Tusk dopiekł Dudzie na TT i się zaczęło. Prezydent odpisał, ale takiej riposty się nie spodziewał
redakcja naTemat
13 czerwca 2020, 17:40·2 minuty czytania
Publikacja artykułu: 13 czerwca 2020, 17:40
Przewodniczący EPL Donald Tusk przyzwyczaił Polaków do celnych i konkretnych opinii na temat działań PiS, które publikuje na Twitterze. Tym razem były premier również nie zawiódł i jednym zdaniem skomentował słowa Andrzeja Dudy, które prezydent wypowiedział pod adresem osób LGBT na wiecu w Brzegu. Tym razem jednak prezydent odpisał i zaczęła się niemała publiczna kłótnia.
Reklama.
"Prezydent Rzeczpospolitej powinien dbać o jej reputację. Andrzej Duda robi wszystko, aby ją zrujnować. Jego kampania to wstyd na cały świat" – napisał na Twitterze Donald Tusk. W ten sposób lider EPL ocenił działanie obecnego prezydenta podczas kampanii. Zapewne byłego premiera zmotywowały do wyrażenia swojej opinii słowa Dudy, które skierował do osób LGBT podczas wiecu w Brzegu.

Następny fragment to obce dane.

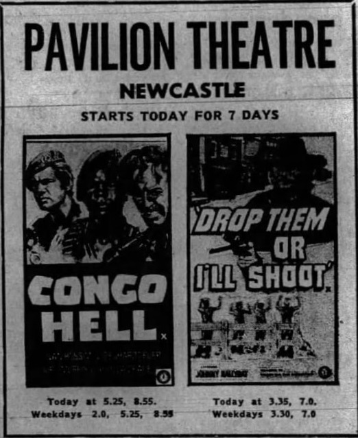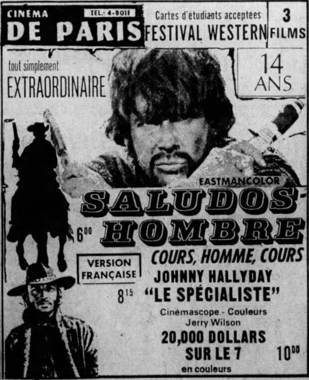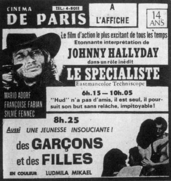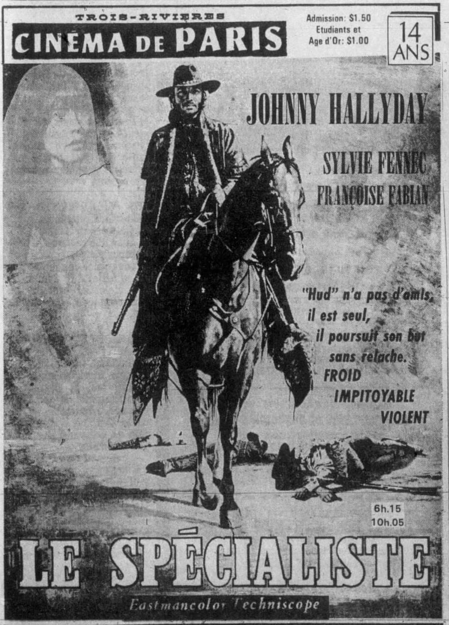 âDrop Them Or Iâll Shootâ (aka âLe SpĂŠcialisteâ) opened in the UK at Futurist Cinema, Birmingham on 9th December 1973. It played throughout 1974 double-billed with âCongo Hellâ: âShowing with this film is Drop Them Or Iâll Shoot, a title which could mean one of a few things - in this case it is a western. A sort of High Plains Drifter, it has Johnny Hallyday, whom I assume must be the same Hallyday as the French singing star, on the trail of a group of dope-smoking hippie outlaws. The film does have its highlights, particularly when the hippies force the entire population of a Nevada town to crawl naked on their bellies along the main street!â (Hammersmith and Shepherdâs Bush Gazette, 14th March 1974)

– Usiłuje nam się wmówić, że są to ludzie, a to jest ideologia. Jak dzisiaj silny jest ten prąd, to pokazuje wczorajsza sytuacja, kiedy z jednej z polskich telewizji wyrzucono posła, który powiedział, że to ideologia – mówił w obronie posła Jacka Żalka prezydent i powtórzył to samo stwierdzenie, że "osoby LGBT to nie są ludzie".
Prezydent nie pozostał jednak obojętny na reakcję Tuska i postanowił odpisać szefowi EPL. "Panie Donaldzie, miał Pan okazje wystartować w wyborach i prowadzić swoją kampanię. Był Pan dwukrotnie namawiany, by się ze mną zmierzyć przez swoje środowisko. Wolał się Pan jednak schować za plecami MKB, a później RT. Wie Pan, jak się na taką postawę mówiło na podwórku? Cykor... " – napisał w odpowiedzi na wpis Tuska Andrzej Duda.

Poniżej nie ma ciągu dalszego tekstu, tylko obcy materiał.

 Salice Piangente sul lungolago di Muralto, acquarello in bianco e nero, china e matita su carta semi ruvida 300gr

Były premier także podniósł rzuconą mu rękawicę i nie pozostawił wpisu Dudy bez komentarza. "Panie Andrzeju, interesowała mnie konfrontacja z pańskim przełożonym. Ale, jak to mówią na podwórku..." – odpowiedział prezydentowi.
Pod wpisem Tuska zaroiło się od opinii. Komentujący stwierdzili, że były szef Rady Europejskiej zaszachował prezydenta i zgotował mu prawdziwy knockout.
Ostatni głos jednak zabrał Andrzej Duda. "Panie Przewodniczący, z moim Mistrzem, moim Prezydentem skonfrontował się Pan w 2005 roku. I przegrał Pan sromotnie... A co było potem wszyscy pamiętamy" – odpisał prezydent.